- [Data shown]:
┏━━

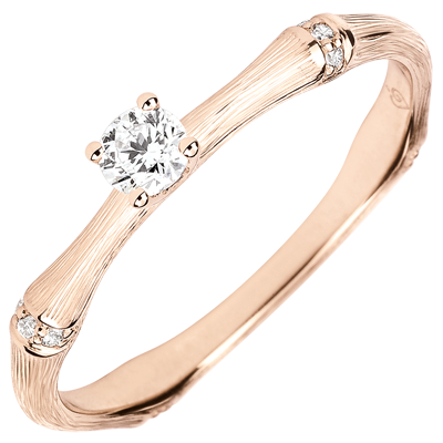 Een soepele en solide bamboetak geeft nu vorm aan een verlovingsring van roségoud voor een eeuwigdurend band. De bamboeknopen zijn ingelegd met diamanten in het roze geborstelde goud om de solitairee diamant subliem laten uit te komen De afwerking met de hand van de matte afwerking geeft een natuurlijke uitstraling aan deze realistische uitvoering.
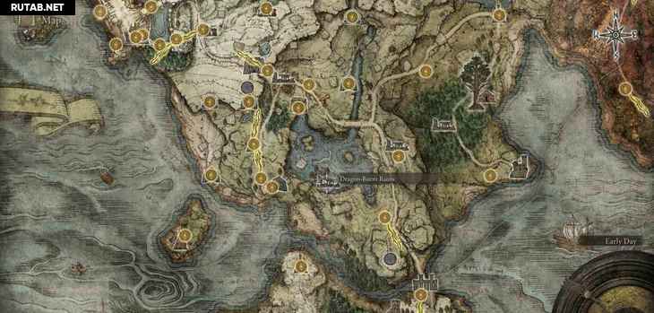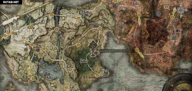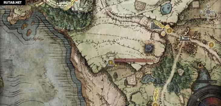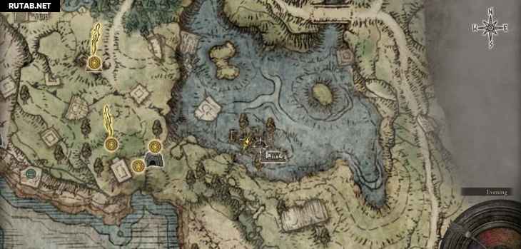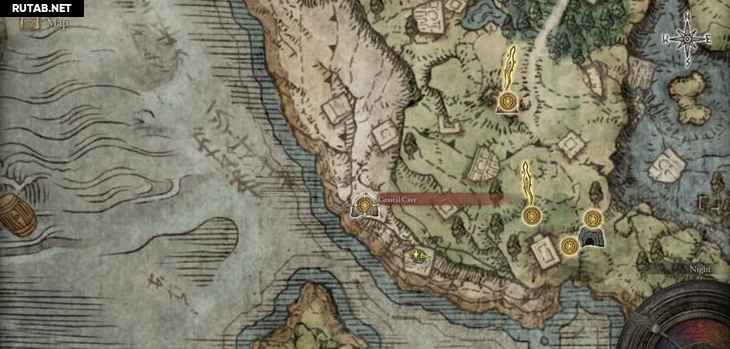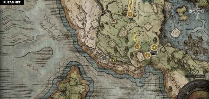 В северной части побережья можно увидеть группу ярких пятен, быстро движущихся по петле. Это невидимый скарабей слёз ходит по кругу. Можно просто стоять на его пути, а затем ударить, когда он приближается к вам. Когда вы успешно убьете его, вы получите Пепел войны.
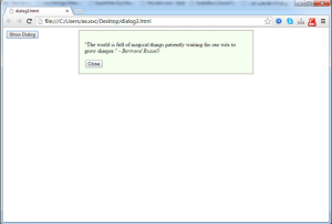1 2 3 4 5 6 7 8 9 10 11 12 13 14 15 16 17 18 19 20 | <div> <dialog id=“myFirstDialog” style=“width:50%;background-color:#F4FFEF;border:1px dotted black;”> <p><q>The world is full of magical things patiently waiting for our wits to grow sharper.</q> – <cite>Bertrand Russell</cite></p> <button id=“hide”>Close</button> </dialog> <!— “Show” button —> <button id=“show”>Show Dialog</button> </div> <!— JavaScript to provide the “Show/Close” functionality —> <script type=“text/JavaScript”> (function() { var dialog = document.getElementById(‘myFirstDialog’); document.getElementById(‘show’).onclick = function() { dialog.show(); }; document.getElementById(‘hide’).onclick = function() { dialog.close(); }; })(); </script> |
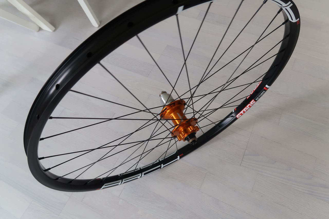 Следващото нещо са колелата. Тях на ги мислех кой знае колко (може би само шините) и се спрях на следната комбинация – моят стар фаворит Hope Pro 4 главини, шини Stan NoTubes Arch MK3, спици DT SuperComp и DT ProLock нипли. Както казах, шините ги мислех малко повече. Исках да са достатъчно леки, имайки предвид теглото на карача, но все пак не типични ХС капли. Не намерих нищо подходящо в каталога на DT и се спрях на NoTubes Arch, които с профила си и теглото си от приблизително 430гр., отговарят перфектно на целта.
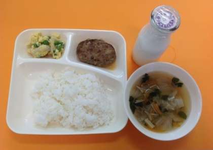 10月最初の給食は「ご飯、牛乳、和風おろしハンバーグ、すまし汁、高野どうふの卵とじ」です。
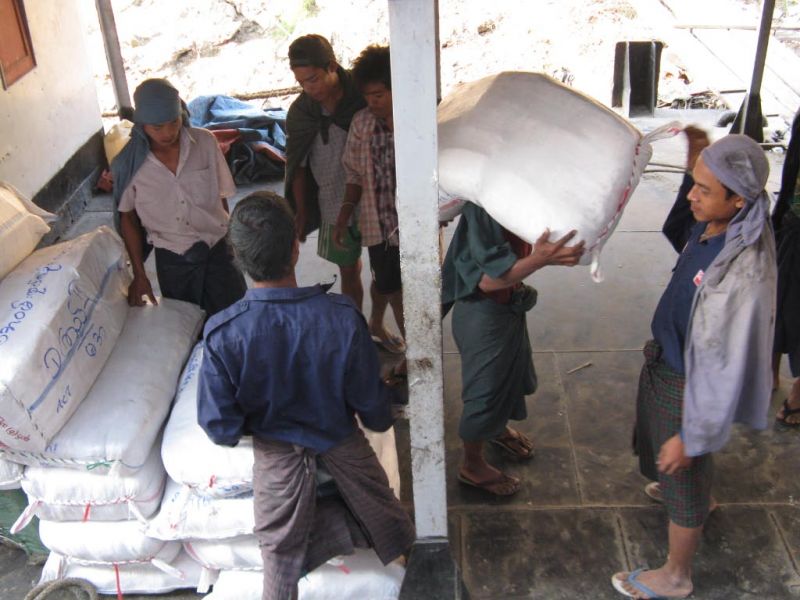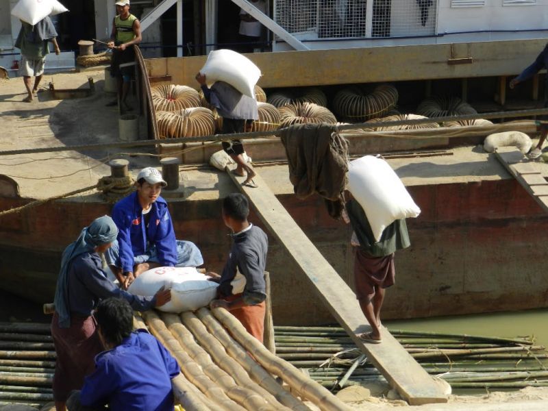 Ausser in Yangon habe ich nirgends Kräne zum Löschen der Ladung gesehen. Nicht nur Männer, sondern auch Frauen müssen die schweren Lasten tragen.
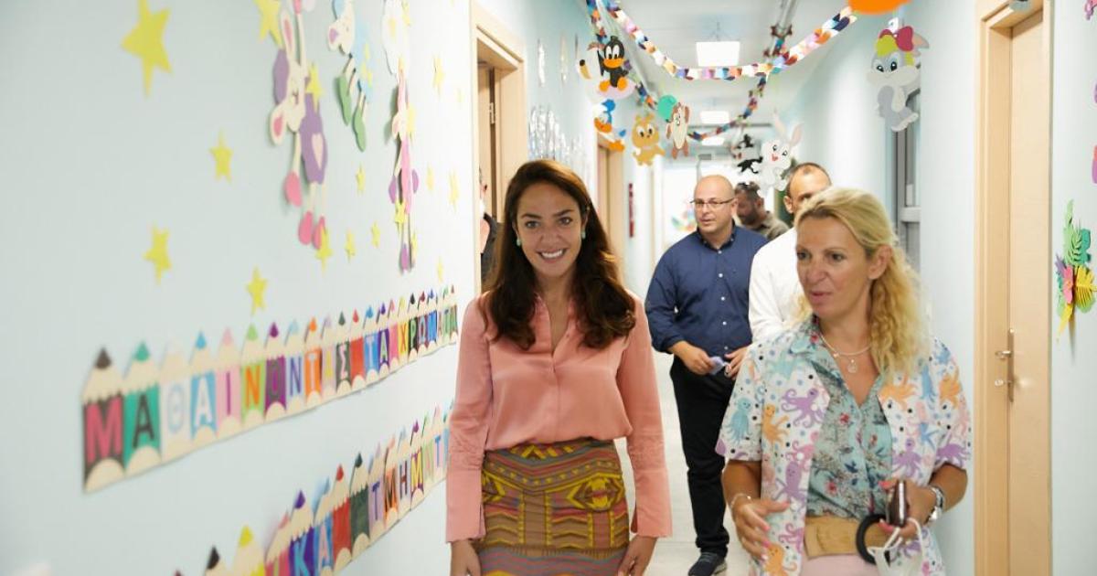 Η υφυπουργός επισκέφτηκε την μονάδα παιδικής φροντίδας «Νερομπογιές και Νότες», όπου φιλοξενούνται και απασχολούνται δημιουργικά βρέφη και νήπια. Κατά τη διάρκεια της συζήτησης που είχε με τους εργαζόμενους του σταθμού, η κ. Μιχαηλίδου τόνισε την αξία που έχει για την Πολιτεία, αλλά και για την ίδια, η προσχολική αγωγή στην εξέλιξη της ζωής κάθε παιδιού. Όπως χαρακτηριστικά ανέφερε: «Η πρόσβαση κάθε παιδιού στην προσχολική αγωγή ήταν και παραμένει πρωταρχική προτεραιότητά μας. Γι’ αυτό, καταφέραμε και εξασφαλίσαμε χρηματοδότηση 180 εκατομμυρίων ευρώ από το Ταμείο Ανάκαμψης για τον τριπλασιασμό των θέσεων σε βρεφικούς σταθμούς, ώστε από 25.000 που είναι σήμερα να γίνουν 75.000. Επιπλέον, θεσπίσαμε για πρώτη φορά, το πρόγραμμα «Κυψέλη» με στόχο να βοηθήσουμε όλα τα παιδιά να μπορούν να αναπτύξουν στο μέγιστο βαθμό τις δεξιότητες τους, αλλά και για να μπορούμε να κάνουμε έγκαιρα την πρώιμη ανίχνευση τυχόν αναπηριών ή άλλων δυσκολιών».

┗━━

- [To do]: In the data above, take the line with "10月最初の給食は「ご飯、牛", the line with "Ausser in Yangon", and every line between, and set them down exactly without pictures.

- [Response for this exercise]:
 10月最初の給食は「ご飯、牛乳、和風おろしハンバーグ、すまし汁、高野どうふの卵とじ」です。
 Ausser in Yangon habe ich nirgends Kräne zum Löschen der Ladung gesehen. Nicht nur Männer, sondern auch Frauen müssen die schweren Lasten tragen.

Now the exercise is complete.